The folding dynamics is simulated using the stochastic Monte Carlo (MC) approach introduced and validated in Ref. [41]. The MC evolution entails a brief relaxation from the initial fully-extended state using both local and non-local moves. After this stage, indicated with a shaded region in Fig. 2 and related ones, the MC dynamics proceeds exclusively through local moves. The moves amplitude is sufficiently small that no chain crossings occurs, as verified a posteriori. The stochastic scheme is analogous to the kink-jump dynamics [42] which, by virtue of the local character of the moves, is known to provide a physically-viable description of biopolymers' kinetics in thermal equilibrium [41], [43].

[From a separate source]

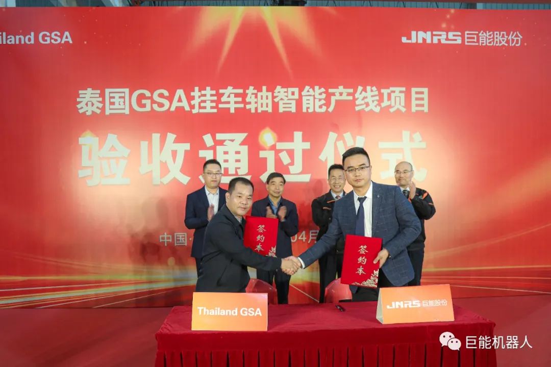 項(xiàng)目的預(yù)驗(yàn)收通過(guò),充分展現(xiàn)了巨能公司對(duì)于大型復(fù)雜項(xiàng)目的管理和交付能力,再次印證巨能公司是一家制造“智能工廠(chǎng)”的工廠(chǎng)。隨后,該產(chǎn)線(xiàn)將正式裝船出海“出嫁”到泰國(guó)進(jìn)行安裝調(diào)試,巨能機(jī)器人產(chǎn)品將代表中國(guó)“智造”整體交鑰匙解決方案走向海外。預(yù)祝泰國(guó)GSA項(xiàng)目早日順利投產(chǎn)!
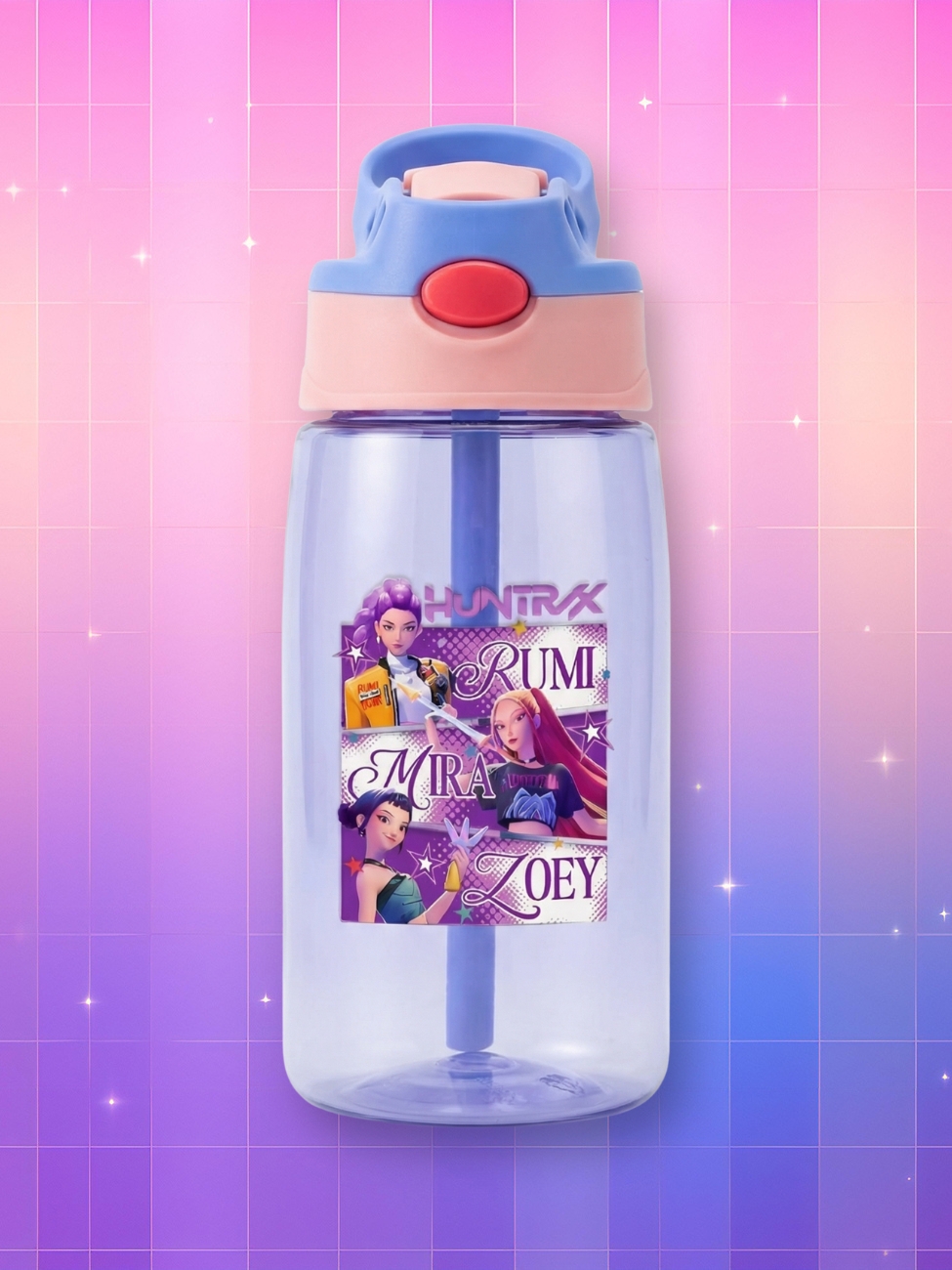 Cette gourde transparente de 480ml exploite intelligemment l'engouement de votre enfant pour le film phรฉnomรจne de Netflix. Les trois chasseuses Huntrix imprimรฉes en haute qualitรฉ captent son attention et crรฉent cette motivation visuelle qui transforme "bois de l'eau" en un moment de plaisir.

Figure 2. Monte Carlo time evolution of the average gyration radius (top panel) and fraction of native contacts (bottom panel) for the knotted AOTCase.

The data obtained with the purely native-centric model are shown in red while those obtained with the added non-native interactions are shown in blue. In the top panel, the dashed line indicates gyration radius in the native state. Here, and in subsequent related figures, data points represent an average over the 150 trajectories and the associated statistical uncertainty is represented by the spread of the curves on the coordinate axis. One unit of MC time corresponds to 100 attempted MC moves per amino acid. The gray region denotes the initial MC evolution where global pivot moves are employed to relax the initial fully-extended conformation.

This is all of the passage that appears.